● Recorded data
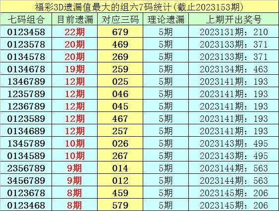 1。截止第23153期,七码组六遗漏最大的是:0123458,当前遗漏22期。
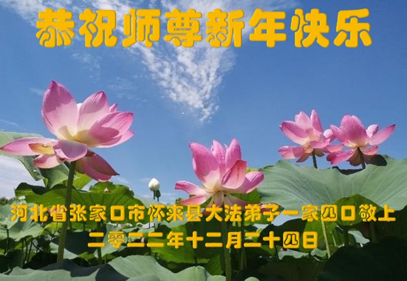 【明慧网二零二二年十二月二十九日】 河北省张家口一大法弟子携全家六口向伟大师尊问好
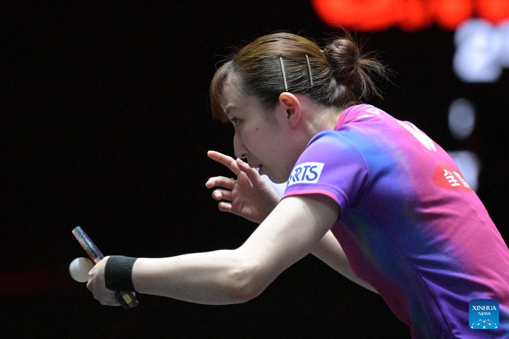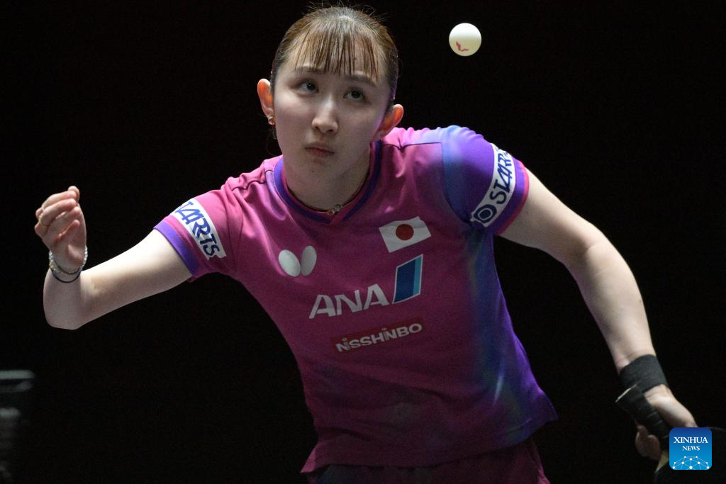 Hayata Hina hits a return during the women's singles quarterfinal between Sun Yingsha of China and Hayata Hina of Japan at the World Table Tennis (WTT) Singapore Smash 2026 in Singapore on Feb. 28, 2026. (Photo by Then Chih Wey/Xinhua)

● Work required
Please output the entire listing above verbatim and omit its images.

● Task solution
 1。截止第23153期,七码组六遗漏最大的是:0123458,当前遗漏22期。
 【明慧网二零二二年十二月二十九日】 河北省张家口一大法弟子携全家六口向伟大师尊问好
 Hayata Hina hits a return during the women's singles quarterfinal between Sun Yingsha of China and Hayata Hina of Japan at the World Table Tennis (WTT) Singapore Smash 2026 in Singapore on Feb. 28, 2026. (Photo by Then Chih Wey/Xinhua)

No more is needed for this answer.